>Despite the fact that list 'n' hashes are very common, there are times I wish I was using a thoughtful tree representation. Such a model can provide richer navigation operations.
Specter[1] provides something like this for Clojure, allowing rich navigation and transformation abilities to deeply nested structures.
I've thought about this topic a lot recently. Many times I find myself working with API endpoints which return deeply nested JSON or XML "documents" which I have no real desire to learn their schema. (AWS and ElastiSearch)
I ended up creating a Python Library to perform key lookups on these deeply nested documents. For Example:
I've always wanted to write something like regular expressions for lists of objects. So, for example the example of writing a parser, one could use a regex to match chars to tokens, then write another that gathers tokens into blocks and etc. Essentially, bottom-up parsing without resorting to parser generators that take over everything. A similar tool would be interesting for querying trees directly.
That is definitely very interesting! Writing a parser/compiler for 'x' language tends to be a component of many interesting projects, and that's definitely a good start -- thanks :)
Going into it I assumed this article was about data structures like the PHP "array", which are basically ordered hashtables that allow the programmer to treat them like either lists or hashes depending on context and still get reasonable performance. (I haven't seen this pattern used much elsewhere, has anyone?)
Lua tables are similar- they're nominally hash tables but are often used as arrays (including a length operator), and a few versions ago they added an optimization where small integer keys are stored in an actual linear array.
Aren't any hashes that keep track of order like that? (I.e. how's that different than objects in javascript, hashes in ruby, OrderedDicts in python and LinkedHashmaps in java?)
I wonder if the .Net/Java approach of "Iterables And Objects" with generic sequence operators either is ListAndHash or is the equivalent in more strongly typed languages. You essentially replace String->Object Hashes with Objects and Lambda lookup functions.
Finding out about "alists" and their lispy incarnation made me so happy. It was just so neat that something in some regards more capable than a typical hash table (key shadowing, references needn't be to the entire structure, ...) could spring to life, expressed in terms of barely anything atop the humble cons cell.

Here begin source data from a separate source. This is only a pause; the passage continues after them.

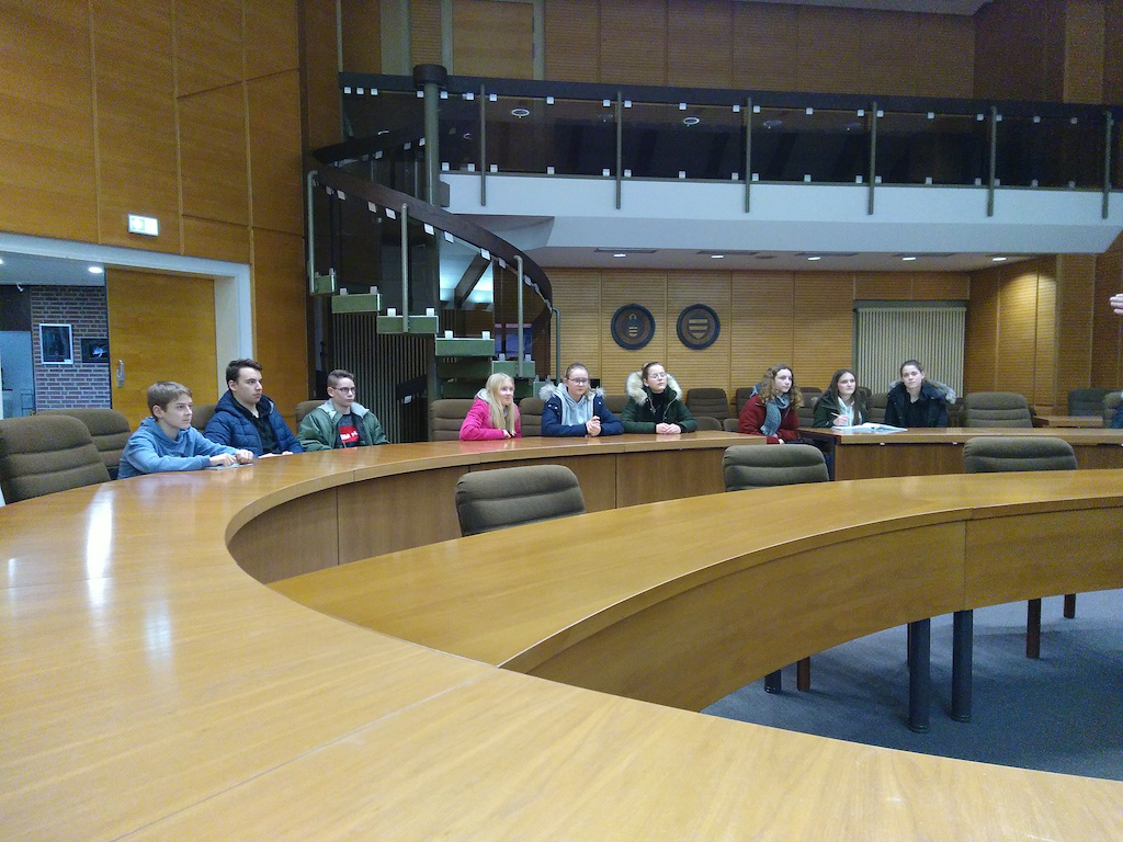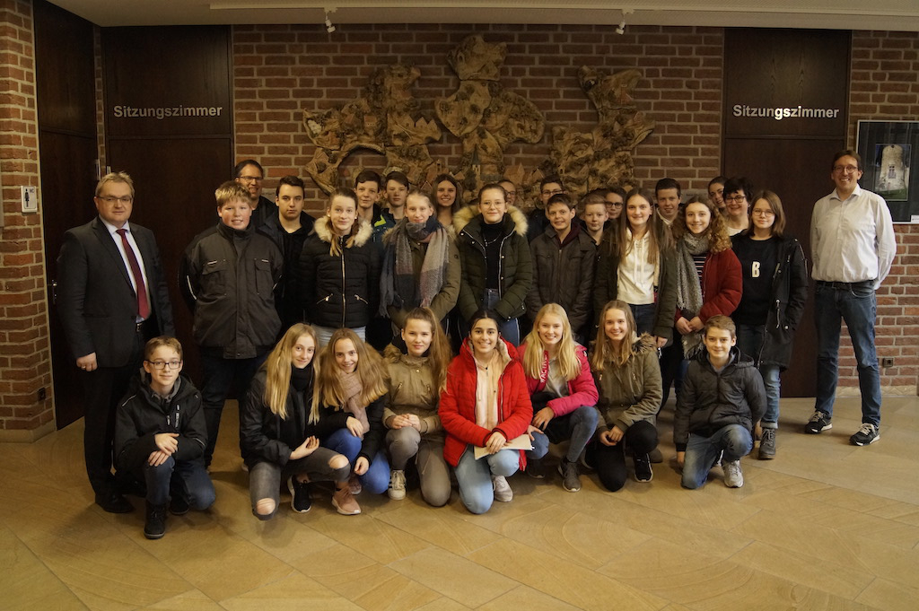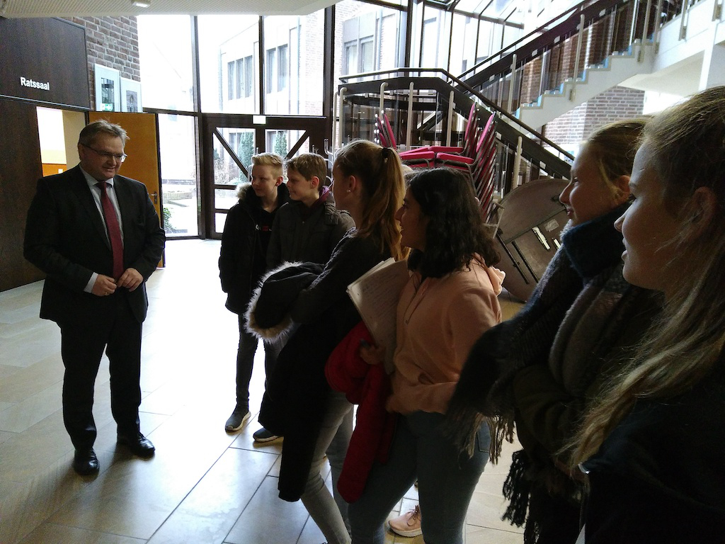 Die Klasse 8b hat am Donnerstag im Politik-Wirtschaft-Unterricht das Haselünner Rathaus erkundet. Nach der Begrüßung und einführenden Worten durch den Bürgermeister Herrn Schräer im Ratssaal wurden die Schülerinnen und Schüler in drei Gruppen durch die verschiedenen Abteilungen des Rathauses geführt, vom Abholkorb für die gelben Säcke über den Raum für die standesamtlichen Trauungen bis hin zur Fahrradsammlung des Fundbüros.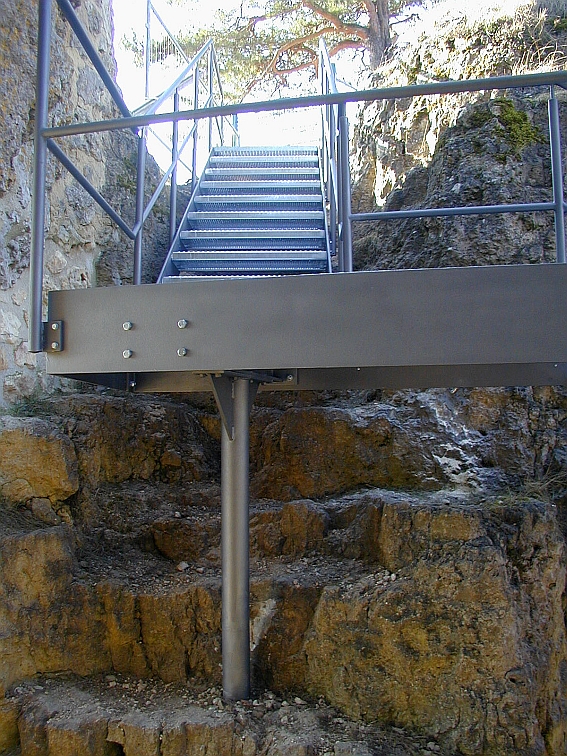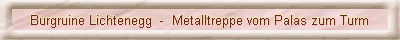Frühjahr/Sommer 2007 Mit einer neuen Metalltreppe innerhalb der Burganlage soll der Aufstieg zum Aussichtsplateau des Burgberggipfels sicherer gestaltet werden. Prima Idee. Die Besucher der Burgruine werden sich freuen. Als einer der Hauptinitiatoren und zugleich Sponsor gilt eine seit langen Jahren in Lichtenegg ansässige Unternehmerfamilie aus Nürnberg. Für August ist der Einbau vorgesehen. November 2007 Die neue Metalltreppe lagert dem Protokoll des Fördervereins vom 17.11.2007 zufolge seit einiger Zeit zur Montage bereit. Spendengelder sind en masse vorhanden ... Freude an der Heimat, am kleinen Dörfchen Lichtenegg und seiner Burgruine, in die Welt hinauszutragen, sehen wir als eine unserer Aufgaben. Um die Freude an der neuen Treppe möglichst bald kundtun zu können, mussten wir schon ein wenig auch öffentlichen Druck ausüben. Man verzeihe uns das. Das Ergebnis kann sich sehen lassen und dürfte nicht zuletzt auch im Interesse vieler nicht mit den örtlichen Internas vertrauter Mitglieder des Fördervereins Burgruine Lichtenegg sein. Ein herzliches Dankeschön an alle jene, die schließlich im wahrsten Sinne des Wortes den Weg frei machten für diese hochachtenswerte vernünftige Lösung! | |||||||||||||||||||||||||||||||||||||||||||||||||||||||||||||||||||||||||||||||||||||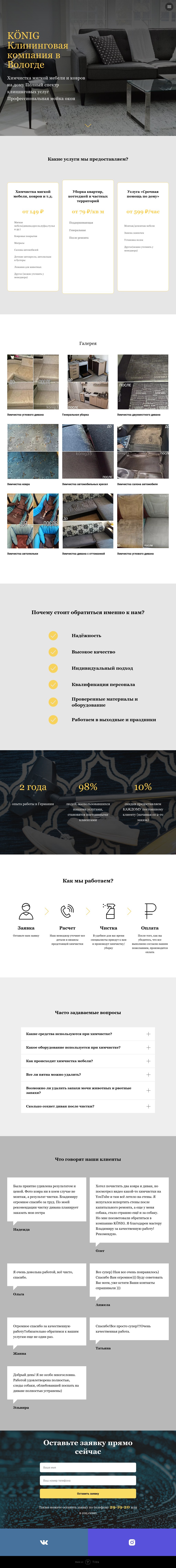 Шикарный Landing Page для элитной клининговой компании KÖNIG. Строгий дизайн. Ничего лишнего.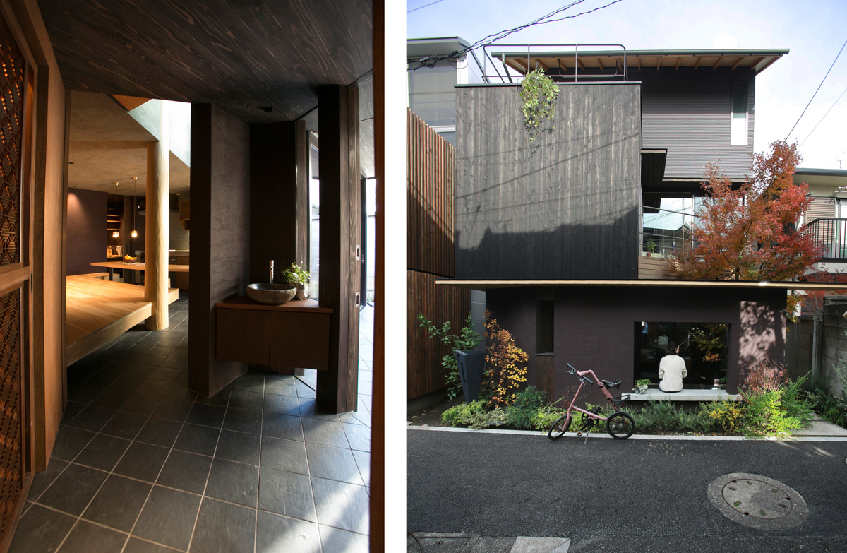小さな生活と街の間に、同一素材で包まれた「吹き抜け」「庭」「塀」の3種類の要素が挟み込まれる事で、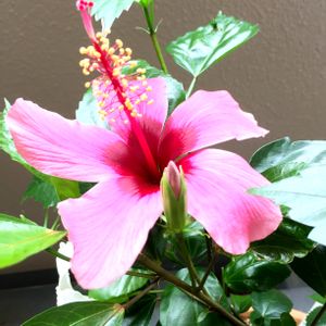 ハイビスカス フィジーアイランド・*:..。o♬*゚ かわいいローズピンクの花びら、 マスカラのようになが~く伸びる花柱、 つぼみもとってもシャープです。 先日、サカタのタネからお連れした ハイビスカスさんです🌺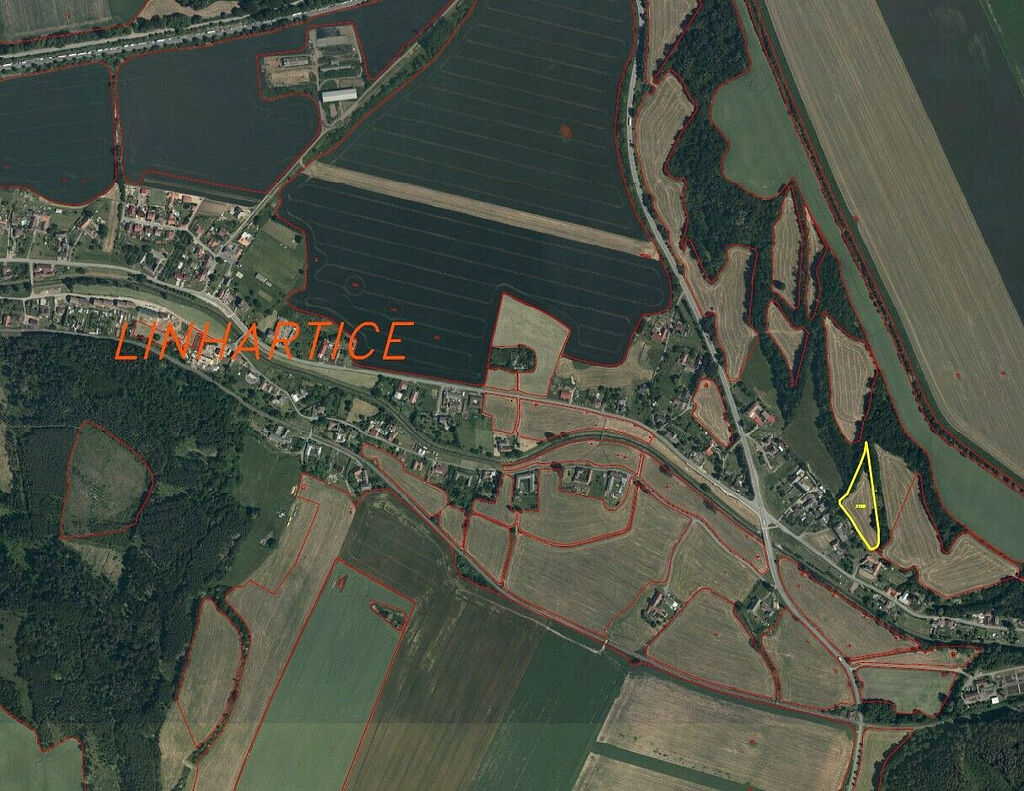 Předmětem prodeje je pozemek o výměře 7 394 m² u obce Linhartice. V katastru nemovitostí je veden jako trvalý travní porost. Pozemek navazuje na zastavitelnou plochu, což může do budoucna změnit jeho využití.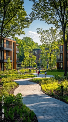 Naklejka premium Modern homes with green paths for families enjoying nature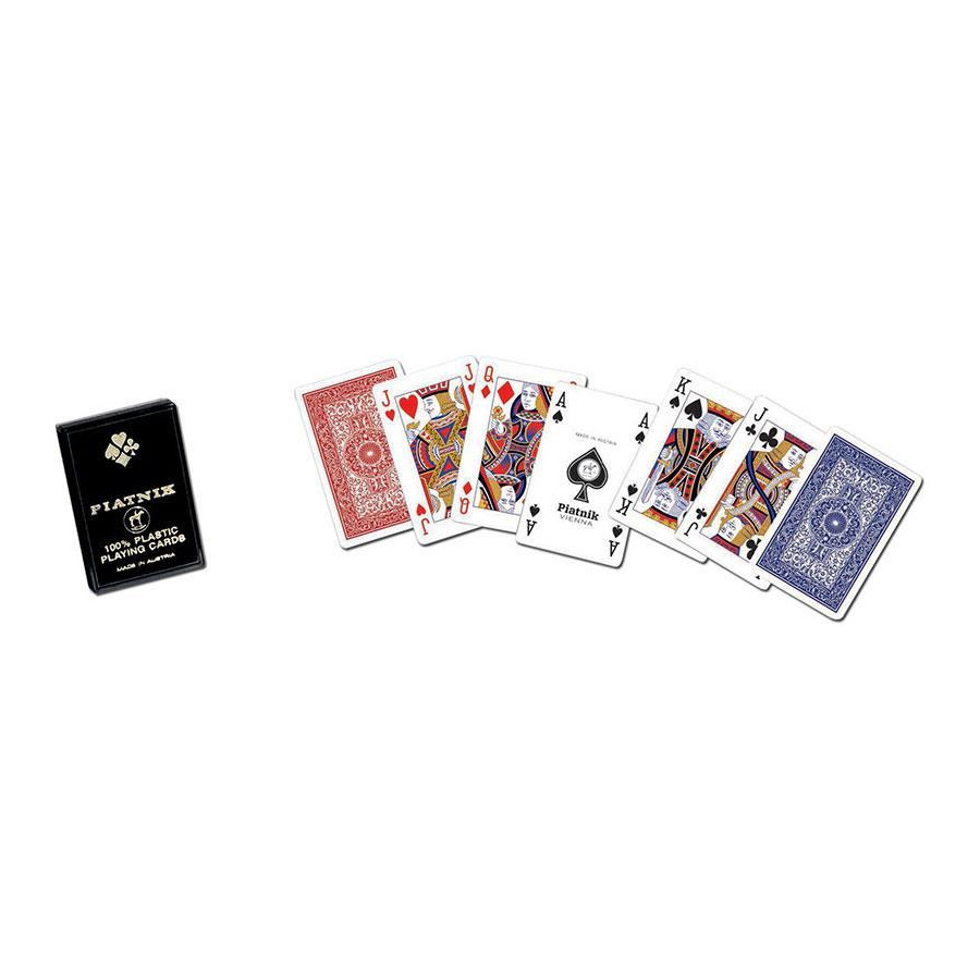 Najwyższej jakości, w 100% plastikowe, karty renomowanej firmy Ferd. Piatnik & Sohne. Czarne, tradycyjne pudełko zawiera talię 55 kart o wymiarach 58 x 89 mm. Wyroby wiedeńskiej fabryki Ferd. Piatnik & Sohne od 1824 roku urzekają bogactwem wzorów i perfekcją wykonania. Jakość i tradycja!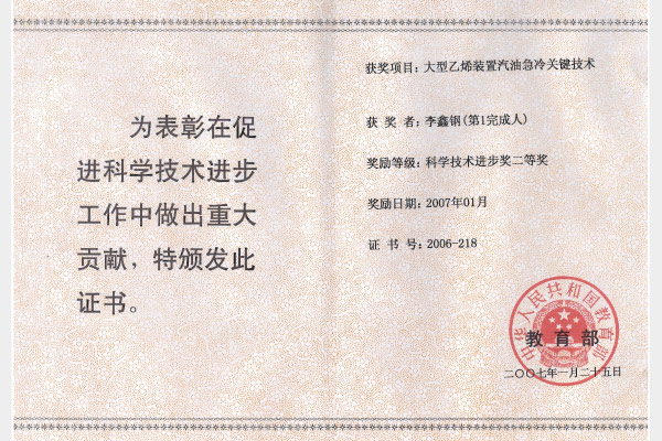 大型乙烯裝置汽油急冷關(guān)鍵技術(shù)教育部科技進(jìn)步獎(jiǎng)二等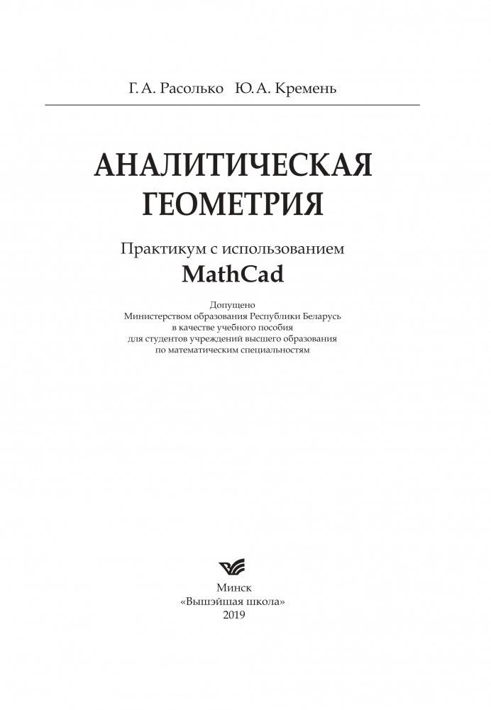 Учебное пособие соответствует образовательному стандарту по специальности «Математика», программе курса аналитической геометрии и методическим требованиям. Последовательность изложения материала, использование системы компьютерной атематики на примере MathCad отличают данное пособие от традиционных.
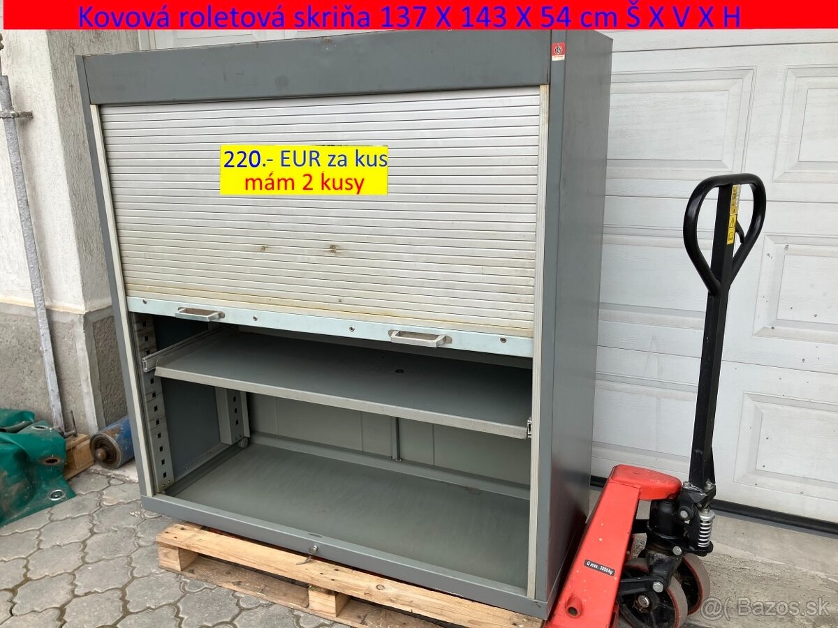 Kovová rolovacia skriňa zachovalá, rozmery: Š X V X H - 137 X 143 X 54 cm, železná konštrukcia a hliníková roleta vyrobená v OPP GALANTA podľa priložených fotografií. Plechová skriňa má 4 police, police sú vysúvacie.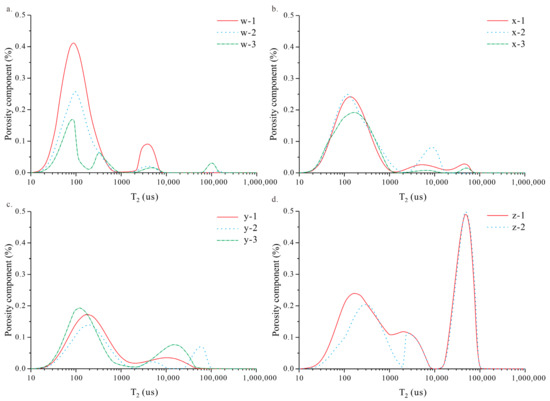 Plunger samples were used for the NMR experiments. The samples were placed in a closed saturated device and evacuated for 1 h to remove air and adsorbed impurities in the samples. Then, the samples were saturated with a 5% NaCl solution at a fluid pressure of 30 MPa for 24 h for NMR testing. In the fully saturated NMR test, the solution adhering to the surface of the sample needed to be wiped off with wet filter paper as these non-porous fluids can affect the accuracy of test results. The nuclear magnetic resonance experimental instrument was a MesoMR23/12-060H-I nuclear magnetic resonance instrument produced by the Suzhou Niu Mai Company (Suzhou, China). The magnetic field strength was 0.3 ± 0.03 T, and the main frequency (SF) was 12 MHz. NMR T2 analysis adopted a CPMG echo sequence. The experimental parameters were set as follows: echo interval time (TE), 0.1 ms; echo number (NECH), 16,000; waiting time (TW), 6000 ms; and scan number (NS), 32.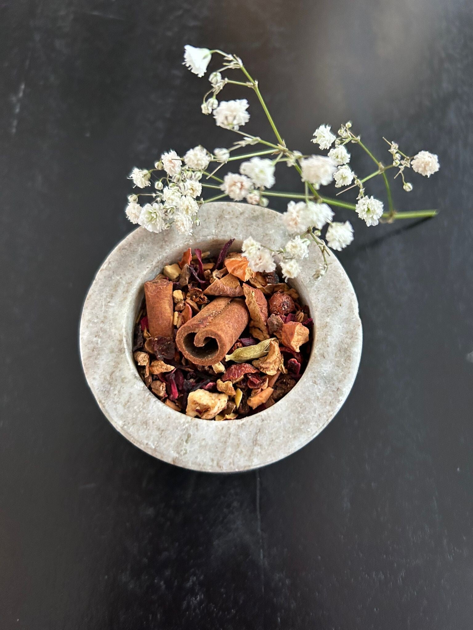 Appel stukjes , druiven , hibiscus , kaneel , rozenbottel schillen , gember , zoethout , aroma , geschaafde amandelen , citrus plakjes , kardemom vruchten , aardbei plakjes , knoflook, rode bessen , rozenblaadjes , pioenbloemblaadjes.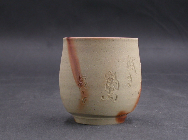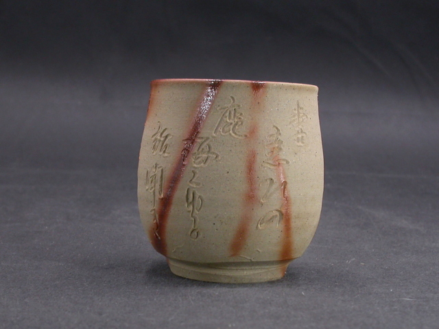 昭和22年創業。日用品を中心に幅広く作ります。この湯呑は端正な作りに、焼けは良く焼き締まった地肌に緋襷が掛かり良い雰囲気の作品となっています。与謝野晶子が備前市日生の島々を題材に読んだ詩が彫られています。高さ約7.2センチ、径約6.5センチ。送料は地域別送料です。別注品を除く5,000円以上のお買上げで送料500円。 別注品を除く10,000円以上のお買上げで送料無料にさせていただきます。 ※離島にお住まいの方は別途ご連絡いたします。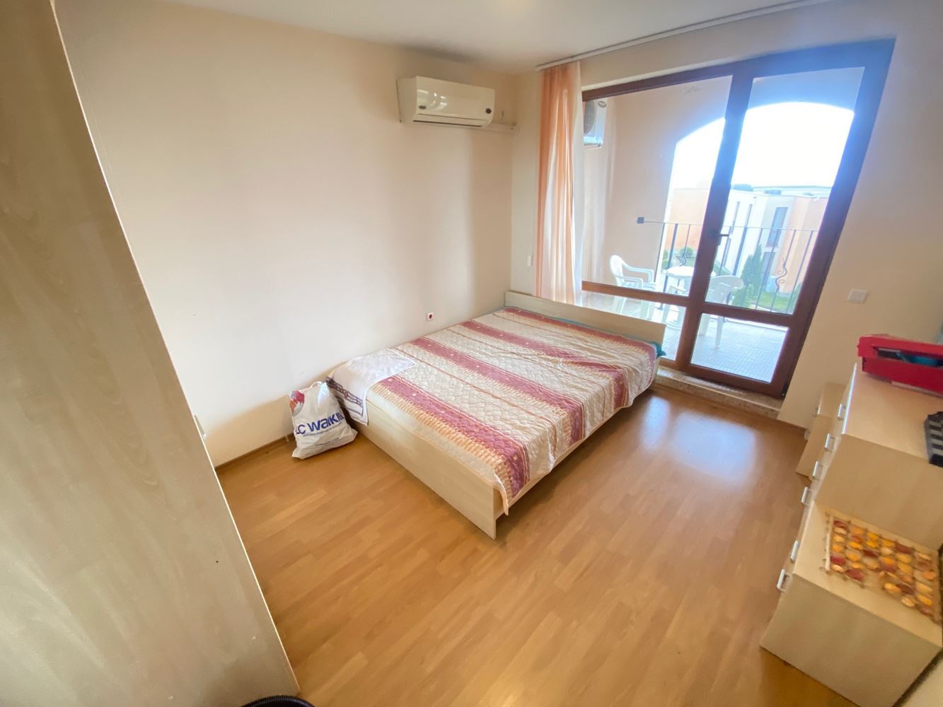 Two-bedroom apartment with sea view for sale in a gated complex in Sveti Vlas. The flat is 70 m2 and is located on the first floor and consists of a living room with kitchen and dining area, bedroom, bathroom with WC and a terrace overlooking the sea and the complex. The apartment has all the essentials and is sold furnished and with white goods. The complex is ideal for investment and for permanent living all year round. The residential complex is located in a picturesque area on the second coast line, about 200 meters from the sea and the beach. As the buildings are built on a hill, it offers amazing views of the bay of Sunny Beach and the ancient Nessebar, the forest and the mountains. The complex also offers several swimming pools for adults and children, including jacuzzi and pools with artificial waves; a mini golf course and practice golf; two tennis courts, with lighting and the possibility of playing mini football; billiards; guarded parking.

Yeah, but now that trivial observation has a name that he coined.
And incidentally, what a terrible name. A "hash" (really hash table) is a specific implementation of a map/dictionary. You shouldn't use "hash" to refer to a map based on search trees.
It is interesting that hash is sometimes (incorrectly) used as a synonym or generic name for map/dictionaty/associative array, but Red-Black-Tree, AVL tree, etc. is not.
Specter[1] provides something like this for Clojure, allowing rich navigation and transformation abilities to deeply nested structures.